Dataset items
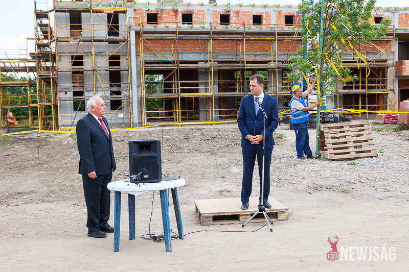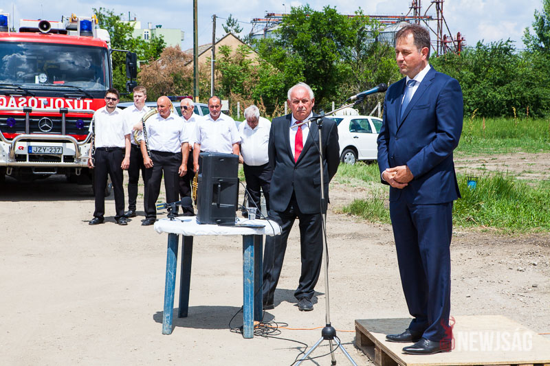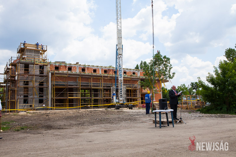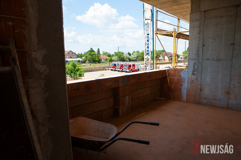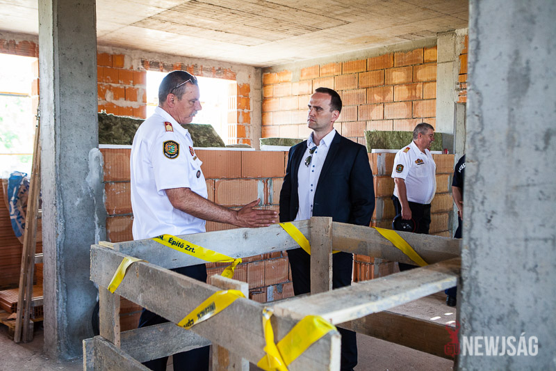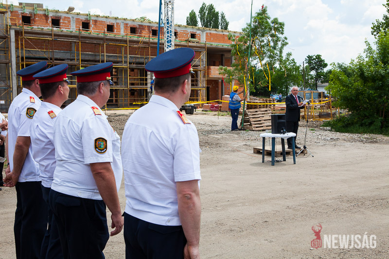 – A szarvasi hivatásos tűzoltóság elhelyezése céljából épülő új tűzoltólaktanya beruházása ma egy kiemelkedően fontos állomásához érkezett. A tűzoltólaktanya épületének tartószerkezete elérte a legmagasabb pontját. A fedélszék összes szerkezeti alkotórészét elhelyeztük, és az deszkázásra készen áll. Továbbá elkészítettük a 14 méter magas tömlőszárító vasbetontornyot is, tehát teljesen szerkezetkész az épület – mondta Bődi János csütörtökön az új tűzoltólaktanya bokrétaünnepségén.
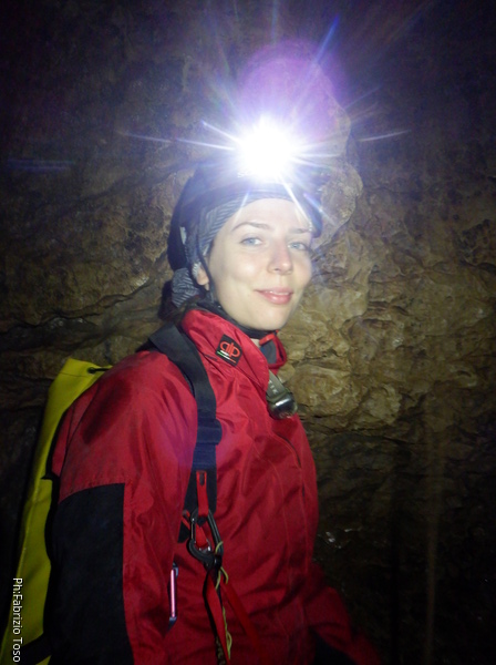 Sono al frazionamento successivo, nell’attesa che Linda mi raggiunga, faccio foto a casaccio. Mi faccio piccolo piccolo in un anfratto e seguo Linda mentre arma il frazionamento. Il pozzo quasi non avrebbe bisogno del frazionamento, ma siamo ad un corso e i nostri allievi si devono esercitare. Visto l’angolo quasi nullo tra la direzione della corda in arrivo e quella che riparte dal frazionamento dico a Linda di utilizzare un solo attacco e lei esegue senza problemi.
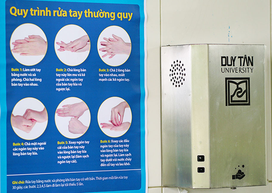 Thiết bị Hướng dẫn bằng giọng nói quy trình rửa tay đúng cách được các cán bộ của Phòng Nghiên cứu Điện-Điện tử & Doanh nghiệp của ĐH Duy Tân nghiên cứu và chế tạo nhằm giúp cho mọi người thực hiện đầy đủ và đúng các thao tác trong khi rửa tay theo quy trình của Bộ Y tế. Thiết bị hướng dẫn rửa tay của ĐH Duy Tân tích hợp hệ thống bơm nước rửa tay và vòi nước tự động với các cảm biến nhận biết người khi đứng trước lavabo rửa tay, cảm biến nhận biết khi đưa tay vào rửa, lấy nước rửa tay,… Sau khi thu thập tín hiệu, thiết bị sẽ đưa ra lời cảnh báo, hướng dẫn mọi người đúng cách rửa tay. Thiết bị này có thể hoạt động được bằng pin hoặc điện và rất nhỏ gọn.
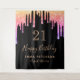 Une tapisserie tendance et glamour de 21ème anniversaire. Un arrière - plan noir classique décoré avec des gouttes de parties scintillant irrégulière de couleur arc-en-ciel, la peinture goutte à goutte dans l'or violet, rose et rose. Avec le texte : 21 Joyeux anniversaire. Personnalisez et ajoutez un nom et une date. Date de naissance ou date de la fête. Texte de couleur dorée. Peut être utilisé comme bannière de bienvenue, fond de cabine photo et décoration murale de fête.
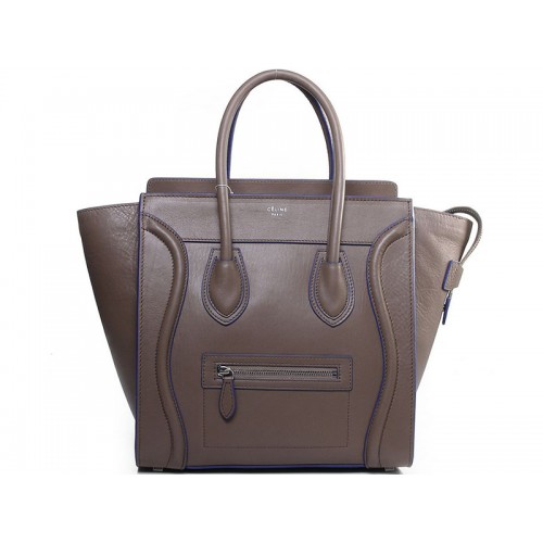 Celine Luggage Medium Tote In Calfskin Khaki With Blue Trim

> [Activity] Restate exactly, please, only the lines between the start of the data and the line containing "Thiết bị Hướng dẫn bằng", both ends included, skipping the pictures.

> [Response area]
 – A szarvasi hivatásos tűzoltóság elhelyezése céljából épülő új tűzoltólaktanya beruházása ma egy kiemelkedően fontos állomásához érkezett. A tűzoltólaktanya épületének tartószerkezete elérte a legmagasabb pontját. A fedélszék összes szerkezeti alkotórészét elhelyeztük, és az deszkázásra készen áll. Továbbá elkészítettük a 14 méter magas tömlőszárító vasbetontornyot is, tehát teljesen szerkezetkész az épület – mondta Bődi János csütörtökön az új tűzoltólaktanya bokrétaünnepségén.
 Sono al frazionamento successivo, nell’attesa che Linda mi raggiunga, faccio foto a casaccio. Mi faccio piccolo piccolo in un anfratto e seguo Linda mentre arma il frazionamento. Il pozzo quasi non avrebbe bisogno del frazionamento, ma siamo ad un corso e i nostri allievi si devono esercitare. Visto l’angolo quasi nullo tra la direzione della corda in arrivo e quella che riparte dal frazionamento dico a Linda di utilizzare un solo attacco e lei esegue senza problemi.
 Thiết bị Hướng dẫn bằng giọng nói quy trình rửa tay đúng cách được các cán bộ của Phòng Nghiên cứu Điện-Điện tử & Doanh nghiệp của ĐH Duy Tân nghiên cứu và chế tạo nhằm giúp cho mọi người thực hiện đầy đủ và đúng các thao tác trong khi rửa tay theo quy trình của Bộ Y tế. Thiết bị hướng dẫn rửa tay của ĐH Duy Tân tích hợp hệ thống bơm nước rửa tay và vòi nước tự động với các cảm biến nhận biết người khi đứng trước lavabo rửa tay, cảm biến nhận biết khi đưa tay vào rửa, lấy nước rửa tay,… Sau khi thu thập tín hiệu, thiết bị sẽ đưa ra lời cảnh báo, hướng dẫn mọi người đúng cách rửa tay. Thiết bị này có thể hoạt động được bằng pin hoặc điện và rất nhỏ gọn.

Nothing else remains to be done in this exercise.